When drawing forms, think in terms of angles and planes, not in terms of cliché. Concentrate on changes of direction to solidity of form.

Here's where measurement comes in. Use the analytical. Gauge angles and lengths. However one must also bear in mind the synthetic: such things as perspective, the governance of certain sets of rules concerning things as foreshortening and shading and highlight.

It's not so much the shape we represent in the drawing as the form. The work of art is in this respect like a re-creating of what is depicted in the representational style. It isn't as though the artist is copying what is being drawn or painted, but rather what is done in the work is a way of assembling what is being represented by the work of art. It's a kind of constructing process in which the artist by the act of creativity in representationalism is assembling the thing observed in his or her work of art.
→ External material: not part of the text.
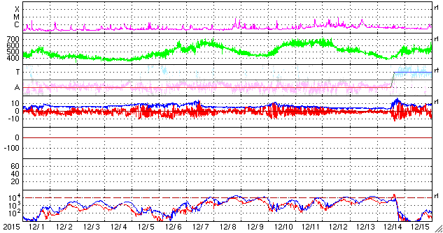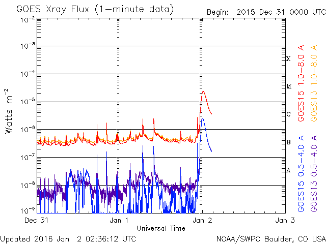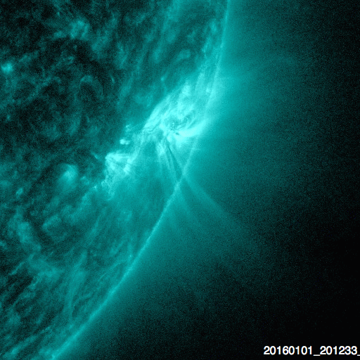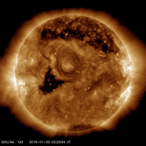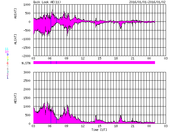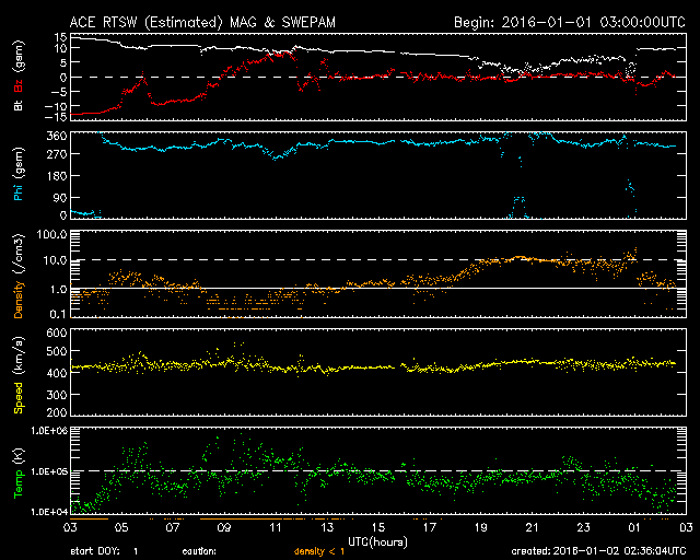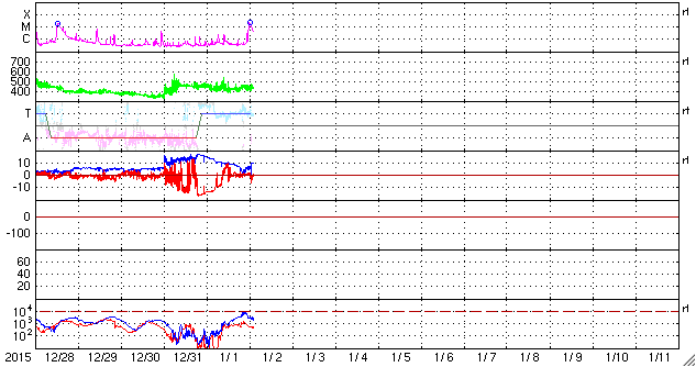 2016/ 1/ 2 11:38 更新 太陽風の乱れは終わり、磁気圏も穏やかになっています。M2.4の中規模フレアが発生しました。 担当 篠原 太陽風の速度は、430km/秒と平均的な状態で安定しています。 10nTを超えて強まっていた磁場強度は、 今朝にかけて弱まり続け、 一時的に5nTを割るほどに下がりましたが、 その後、高まる変化が到来して、現在は10nTに再び高まっています。 CMEによる太陽風の乱れは終わりましたが、 続いて、コロナホールによる太陽風の高まりが 始まろうとしているのかもしれません。 しばらくACE衛星のデータに注目して下さい。 太陽風磁場の南北成分は、昨夜までは南向きに強まっていましたが、 その後は、0nT付近に留まるようになっています。 このため、磁気圏の活発な活動も終わっています。 AE指数のグラフは、 初めの頃に1000nt前後の大きな変化が記録されていますが、 中盤以降は変化がなくなり、磁気圏は静穏になっています。 最後のオーロラの高まりの様子を、 アラスカ・フェアバンクスの動画で紹介します。 Dat指数(速報値)は、最大で -114nTの変化になっています。 昨日より変化が小さくなっているのは、 最新の観測データを基に、指数を随時更新しているためです。 SDO衛星AIA193の太陽写真では、 北半球高緯度域のコロナホールは更に西に進み、 この領域の影響がやって来るなら、そろそろだと思います。 一方、赤道域には、太陽の中心線に達しようとしている 次のコロナホールが見えています。 4日後の6日あたりからは、こちらの影響が地球に到来するでしょう。 27日周期の図の前周期の変化を見ると、 12月10〜13日にかけて、太陽風速度の高まりが到来しています。 この変化の回帰です。 今朝、2日8時(世界時1日23時)に、太陽の南西(右下)の2473黒点群で、 M2.4の中規模フレアが発生しました。 2016年第一号のMクラスフレアです。 SDO衛星AIA131による動画を掲載します。 このフレアに伴ってCMEも発生している可能性がありますが、 まだ、SOHO衛星の写真は更新されていません。 西の端近くで発生しているので、地球への影響はなさそうです。 2473黒点群は、もうすぐ没して見えなくなりますすが、 東端から、2476群、2477群と、2つの黒点群が現れました。

This is why it's useful to study physical objects such as statuary. This becomes a vital exercise in assisting the artist to get a grasp of what needs to unfold in the process of representational drawing or painting, which everyone must do at least a bit of to grasp essentials. It helps because you can then get away from the cold representation of only what is seen; a copy of the image sensed on one's retina, as it were, but rather, by getting involved with the volume of the actual form it helps the artist to get a better concept of representing form in his or her work; it helps one get a sense of the structure of the subject of the work.

It even helps to handle the statue or the objects in the still life in that it better helps to convey in the artwork the sense of the tactile.

The planoangular alterdirectional analysynths recrofacto, tennioassemblage, and visioapendization, sinretenoidly structurae.

A form becomes a planoangular altidirectional. A drawing of it becomes either a mere cliché or ideally an analysynthal recrofacto which has the qualities of being tennioassembleric, visioappendic, and sinretenoidly structuralic.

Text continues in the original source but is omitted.